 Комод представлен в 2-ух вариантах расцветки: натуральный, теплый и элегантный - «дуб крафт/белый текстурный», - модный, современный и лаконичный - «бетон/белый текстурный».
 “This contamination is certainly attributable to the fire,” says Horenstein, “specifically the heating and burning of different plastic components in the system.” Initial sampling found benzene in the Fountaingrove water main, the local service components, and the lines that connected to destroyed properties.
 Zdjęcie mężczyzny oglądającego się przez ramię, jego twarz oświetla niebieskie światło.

········

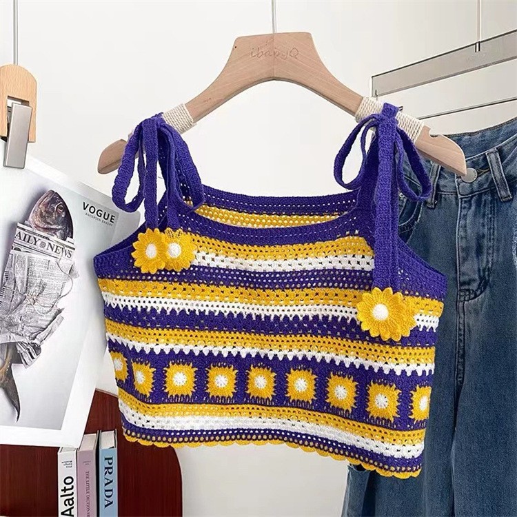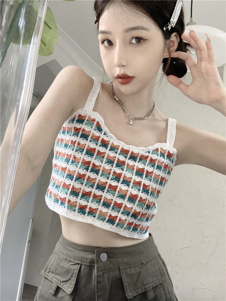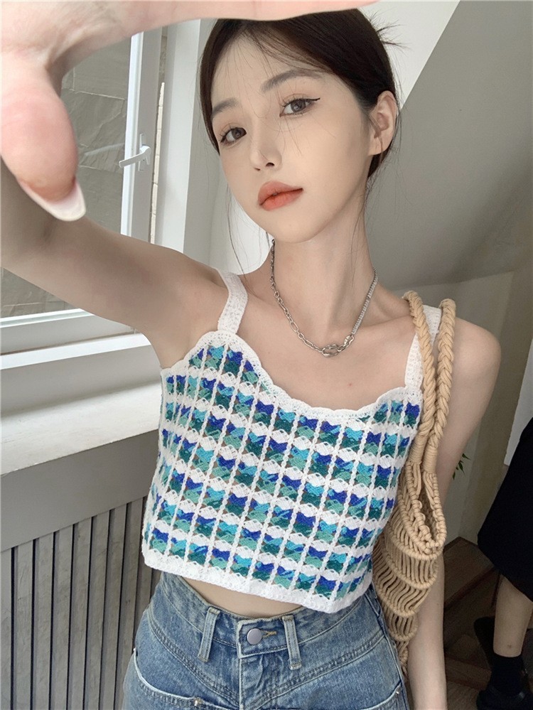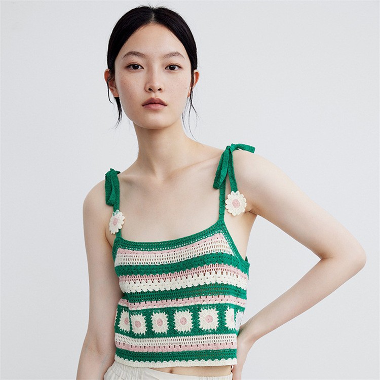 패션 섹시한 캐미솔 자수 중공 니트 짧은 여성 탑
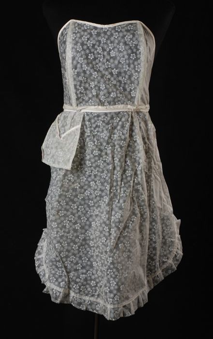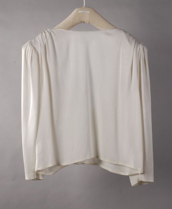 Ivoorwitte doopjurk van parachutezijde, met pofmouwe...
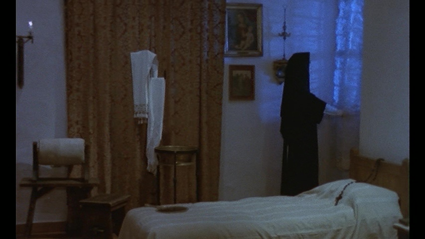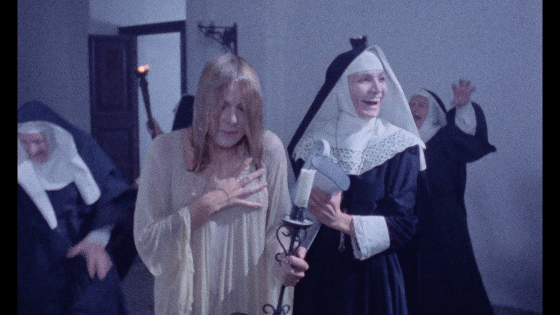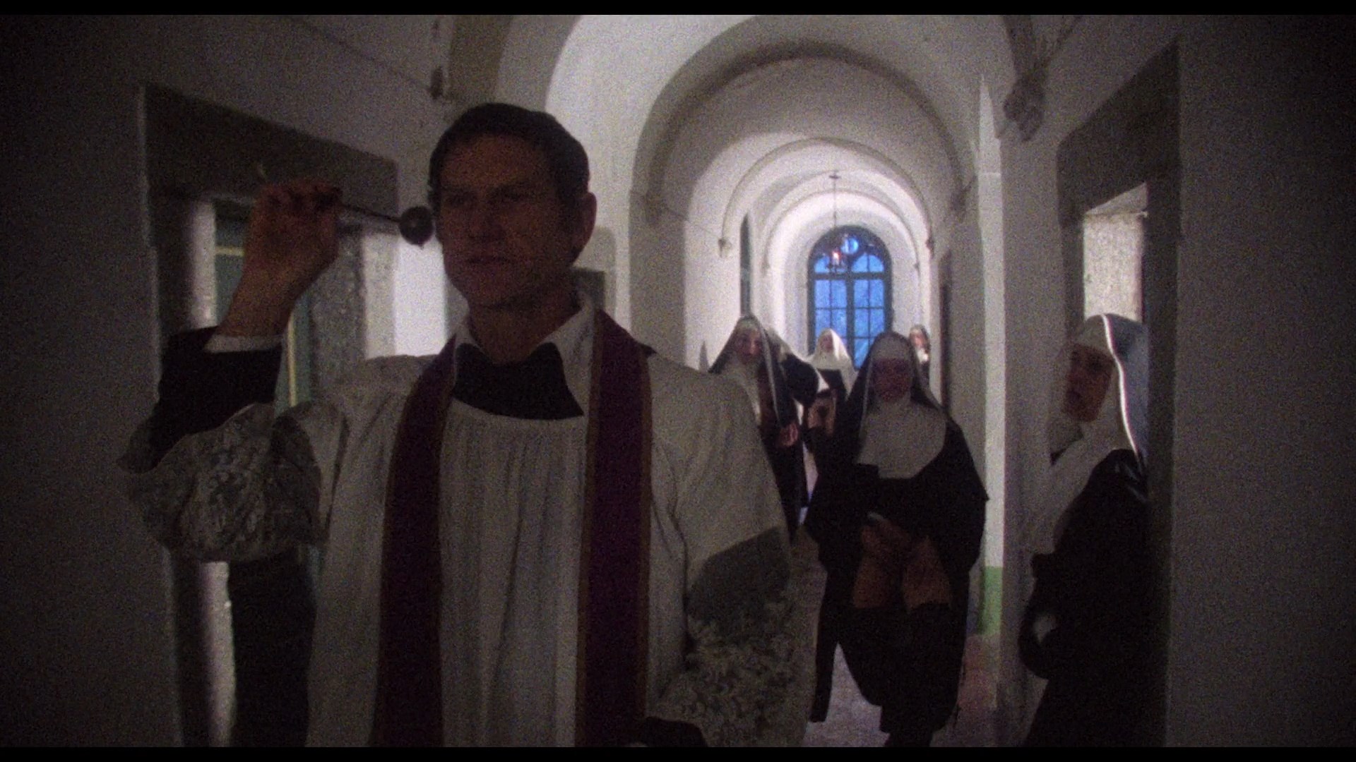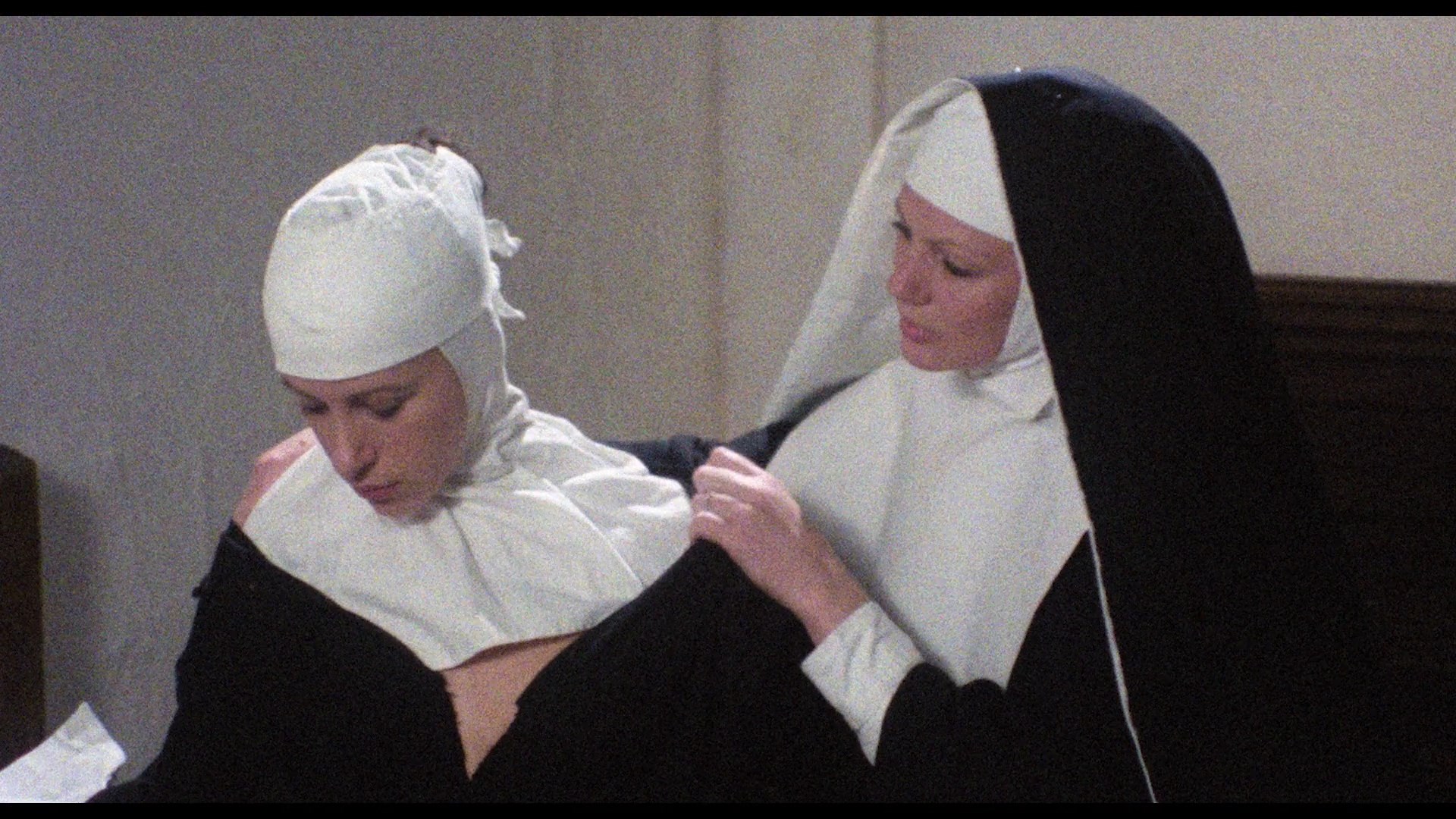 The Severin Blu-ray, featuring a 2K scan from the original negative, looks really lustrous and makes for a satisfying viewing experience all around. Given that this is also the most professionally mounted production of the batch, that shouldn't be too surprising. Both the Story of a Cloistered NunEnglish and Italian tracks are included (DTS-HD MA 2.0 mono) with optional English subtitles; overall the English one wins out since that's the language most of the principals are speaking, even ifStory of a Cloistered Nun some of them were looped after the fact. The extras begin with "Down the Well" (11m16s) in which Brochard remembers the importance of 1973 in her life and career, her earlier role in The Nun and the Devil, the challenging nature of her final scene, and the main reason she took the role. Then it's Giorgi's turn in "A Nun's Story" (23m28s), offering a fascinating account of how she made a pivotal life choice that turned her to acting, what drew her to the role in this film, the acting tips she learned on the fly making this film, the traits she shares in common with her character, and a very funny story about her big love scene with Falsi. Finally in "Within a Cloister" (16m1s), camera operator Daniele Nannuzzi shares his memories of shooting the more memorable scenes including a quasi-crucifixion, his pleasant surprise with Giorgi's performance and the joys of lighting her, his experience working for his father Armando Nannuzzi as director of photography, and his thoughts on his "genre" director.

········

> _INSTRUCTIONS TO FOLLOW_
When you reach the line with "Комод представлен в" in the records above, start writing out lines exactly, and stop once the line with "Zdjęcie mężczyzny oglądającego" has been written; include nothing else.

> _SOLVED PROBLEM_
 Комод представлен в 2-ух вариантах расцветки: натуральный, теплый и элегантный - «дуб крафт/белый текстурный», - модный, современный и лаконичный - «бетон/белый текстурный».
 “This contamination is certainly attributable to the fire,” says Horenstein, “specifically the heating and burning of different plastic components in the system.” Initial sampling found benzene in the Fountaingrove water main, the local service components, and the lines that connected to destroyed properties.
 Zdjęcie mężczyzny oglądającego się przez ramię, jego twarz oświetla niebieskie światło.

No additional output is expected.